The letter idea sounds great to me. Very Civil War soldier. Keep 'em coming.

Oh, and thanks for the P.S. etiquette lesson. I guess now I know. I'll just have to include everything I want to say in the actual letter, huh? Maybe I should write an outline on some index cards, so, you know, I don't forget anything. Ha, no. Writing a letter shouldn't be like SAT prep. Not that I ever prepped for the SAT, but all my friends who actually studied for it said it was a lot of work. I just flew by the seat of my pants. I've always been a very daring guy.

Speaking of a daring guy - Michael got a temporary tattoo. On the small of his back, Pam. On the small of his back! He's got an appointment for the real thing on Tuesday (during work hours, naturally) but I think his passion for "skin art," as he says, will die pretty quickly once he realizes they really use needles.
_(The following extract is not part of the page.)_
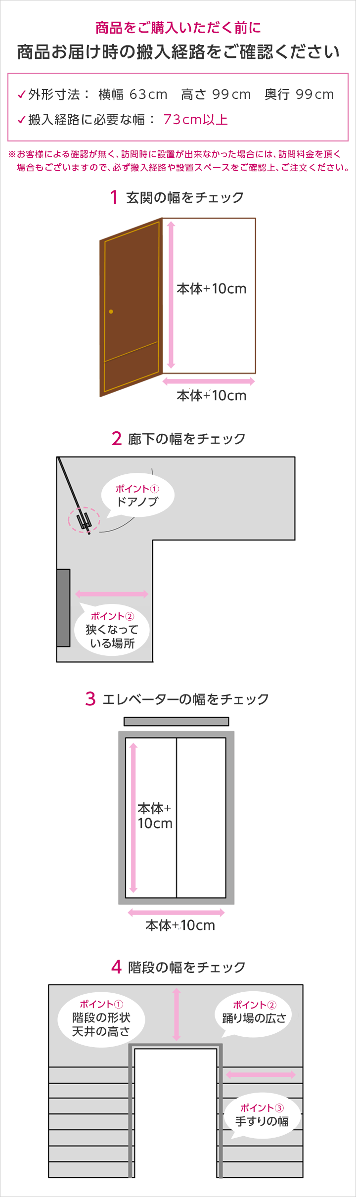 ★現地での商品以外の家具、家電移動は不可。3階以上の階段上げには別途料金が必要です。吊り上げなどの特殊対応および工事が必要な場合には別途設置業者にご相談のうえ、追加料金が発生する場合があります

But right now he's got a hodge podge of temporary tattoos on the small of his back. It's Marvin the Martian surrounded by barbed wire, a bulldog, three basketballs, and the word Hot spelled with flames. It's really tasteful, obviously. I wish you could see it. He wears his shirt rolled up so everyone can look at it all day.

I'm surprised the new receptionist hasn't quit yet. She told me she's terrified of answering phones, so that's... interesting. She's really nice though and seems relatively normal. The only thing is - she's a psychology major, so I feel like she's always analyzing everyone. I'm tempted to ask what she thinks happened to Dwight in his childhood.

Can Maddie get me some autographs? Talking to her seems like it'd be fun. I doubt she'd be as entertaining as my grandfather, who can spend 45 minutes talking about the hardware store he used to own downtown. Different types of lumber, wrenches, hammers, nails and screws - are you jealous yet? Because I haven't even mentioned the time he personally sold a ball-peen hammer to the mayor's cousin.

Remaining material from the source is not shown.